- DATA FOR PROCESSING
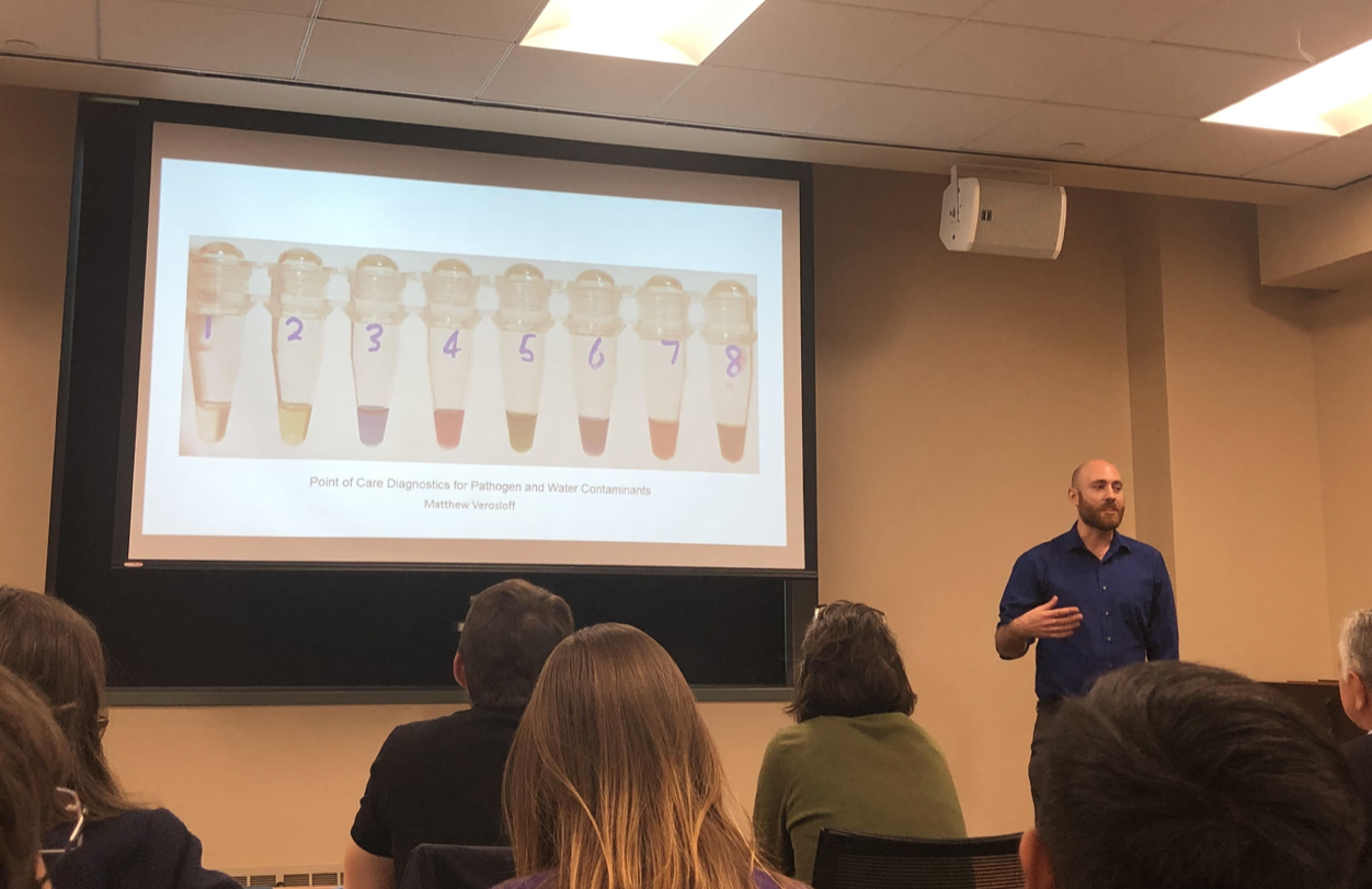 Congratulations to Matt Verosloff for winning NU’s Civil and Environmental Engineering “My research in 180 seconds” flash talk competition! This competition featured great work going on throughout NU, from increasing the sterility in hospitals to creating buildings for life on Mars. Matt succinctly conveyed his contributions to the first wave of the Lucks Lab’s point-of-care diagnostic platforms, namely PLANT-dx for plant pathogens and Rosalind for an array of water contaminants. His work involves democratizing diagnostic technologies by harnessing the power of synthetic biology to allow people to cheaply and quickly monitor the world around them.
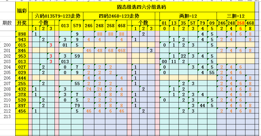 观察以上数据,本期条件参考: 六码=23;三码579-12;二码79=12
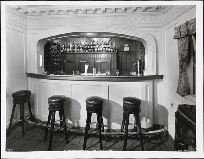 United States Lines, S.S. "President Roosevelt", Pier #59 N.R., Cabin Class, Bar in Smoking Room.
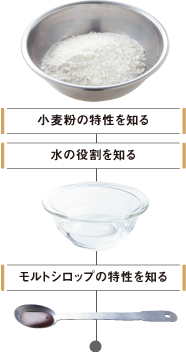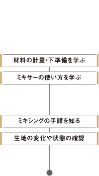 弾力のある生地へとこねあげる。 - 小麦粉などの材料をこねあげる生地づくり(ミキシング)は、製パンの中でも特に重要な、パンのできあがりを左右する工程です。ただこねるだけでなく、基本の考え方を理解して、つねに生地の状態を把握しておくこと。いわば愛情をもって見守ることで、最適な生地がつくりだせます。
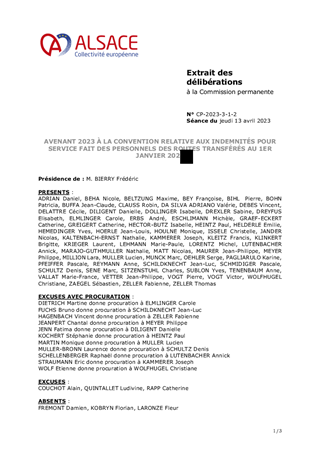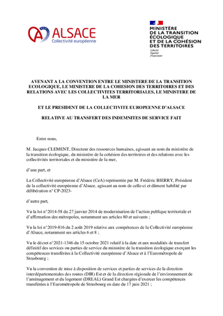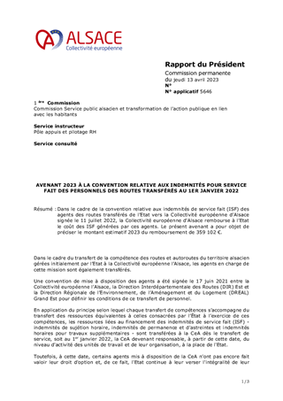 Dans le cadre de la convention relative aux indemnités de service fait (ISF) des agents des routes transférés de l’Etat vers la Collectivité européenne d’Alsace signée le 11 juillet 2022, la Collectivité européenne d'Alsace rembourse à l’Etat le coût des ISF générées par ces agents. Le présent avenant a pour objet de préciser le montant estimatif 2023 du remboursement de 359 102 €.
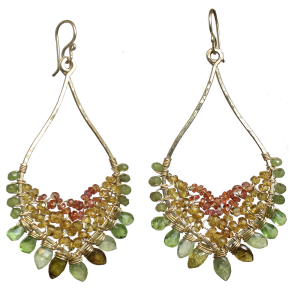 Hammered marquise shapes wrapped with pink ruby, orange sapphire, mandarin garnet, green garnet, and peridot, about 2-1/4".
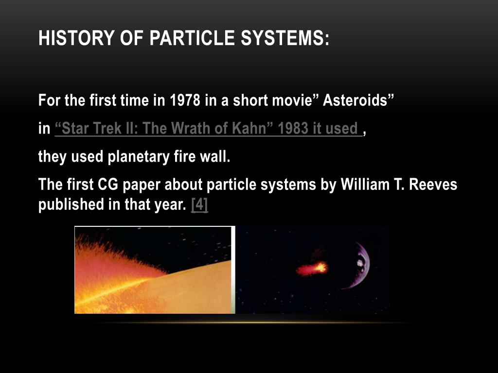 History of Particle Systems: For the first time in 1978 in a short movie” Asteroids” in “Star Trek II: The Wrath of Kahn” 1983 it used , they used planetary fire wall. The first CG paper about particle systems by William T. Reeves published in that year. [4]
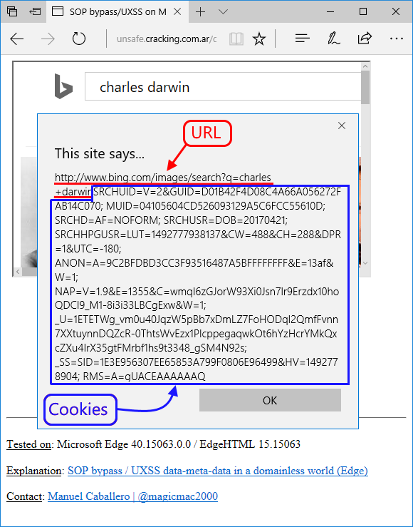 - Set its location again to about:blank, but this time using a meta refresh which makes its domain == its creator: bing.com in this case.

- WHAT TO PRODUCE
Copy exactly the lines that run from the line containing "History of Particle" to the end of the data above, keeping both end lines and leaving out all pictures.

- COMPLETED EXERCISE
 History of Particle Systems: For the first time in 1978 in a short movie” Asteroids” in “Star Trek II: The Wrath of Kahn” 1983 it used , they used planetary fire wall. The first CG paper about particle systems by William T. Reeves published in that year. [4]
 - Set its location again to about:blank, but this time using a meta refresh which makes its domain == its creator: bing.com in this case.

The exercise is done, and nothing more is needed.